Riesa, salah satu raver—sebutan penggila rave party—tiba di sana pukul 11 malam. Jalannya sempoyongan, sambil jejeritan dengan delapan temannya. Di parkiran—di dalam mobil—sebelum masuk, ia menenggak Jose Antonio Cuervo. Dandanannya cuek: kaos buntung, celana pendek, dan sandal jepit—tapi tetep kece. "Kalau pakai baju sopan, gerah dong, lagi pula hujan," ujar mahasiswi perguruan tinggi negeri ini.

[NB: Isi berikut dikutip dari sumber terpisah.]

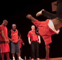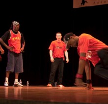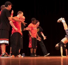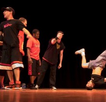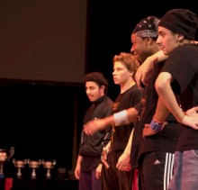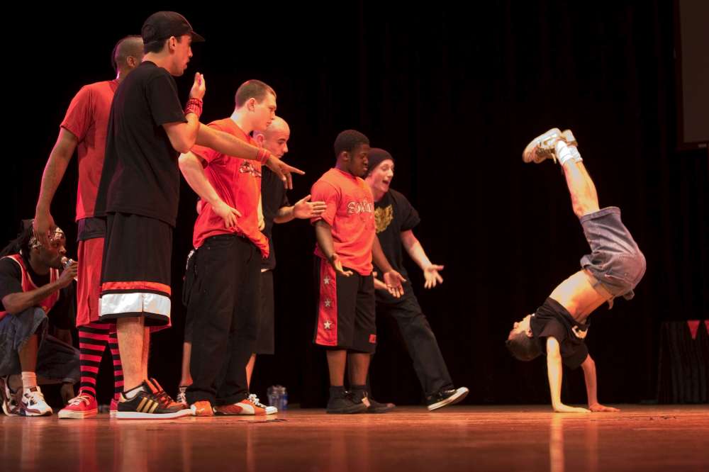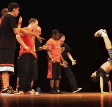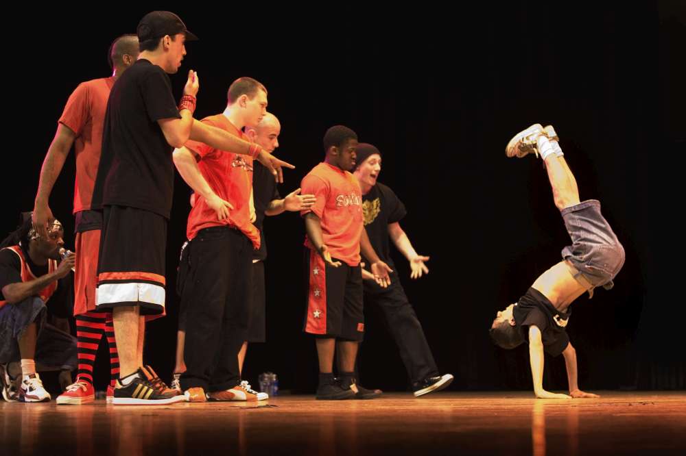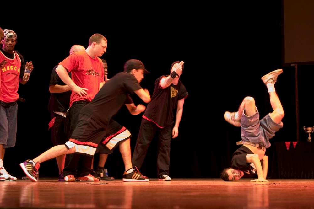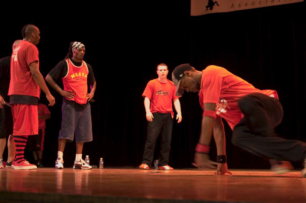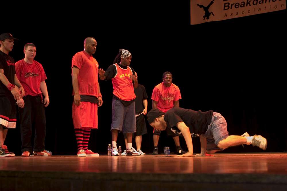 The crew compete on stage against B-boy crew, Trinity, in the British Break Dance Championships 2007 Finals held in Croydon, United Kingdom

Raver tidak mau membiarkan hujan merusak pesta mereka. Karena ini adalah rave—yang membuat mereka justru merasa berenergi dan di luar kendali walau hujan. Istilah rave sendiri berusia hampir empat dekade, sebagai gerakan dan genre musik. Dia hidup dengan akronim PLUR, singkatan dari peace, love, unity, respect. Raver kerap dibandingkan dengan hippies, karena cinta mereka untuk musik dan perdamaian.
Di panggung utama Garuda Ice Land, DJ Yasmin, dara cantik kelahiran Lombok, membuka pesta. Penonton menari dengan jas hujan. Sedangkan yang lain hujan-hujanan di atas lumpur. Saat pemutar cakram (DJ) lokal, Angger Dimas, mengambil alih, penonton mulai panas. Ia mendapat sambutan luar biasa dengan lagu remix Don't Look Back In Anger.
Kerumunan menjadi liar saat Anton Zaslavksi alias Zedd, DJ berusia 24 tahun asal Jerman, memainkan Spectrum. Meriam laser melesat, ledakan asap kembang api mewarnai penampilan Zedd yang dilatarbelakangi layar besar. Penonton terus melompat bersama Zedd. Apalagi saat dia membawakan Wake Me Up dengan bass berat.
Setiap kali Zedd memainkan salah satu single-nya, kerumunan berteriak, dan menyanyikan liriknya seperti mereka di konser Katy Perry. Hit besar seperti Clarity dinyanyikan riuh, meski tanpa ada Foxes, penyanyi Inggris yang menjadi duet Zedd di lagu itu.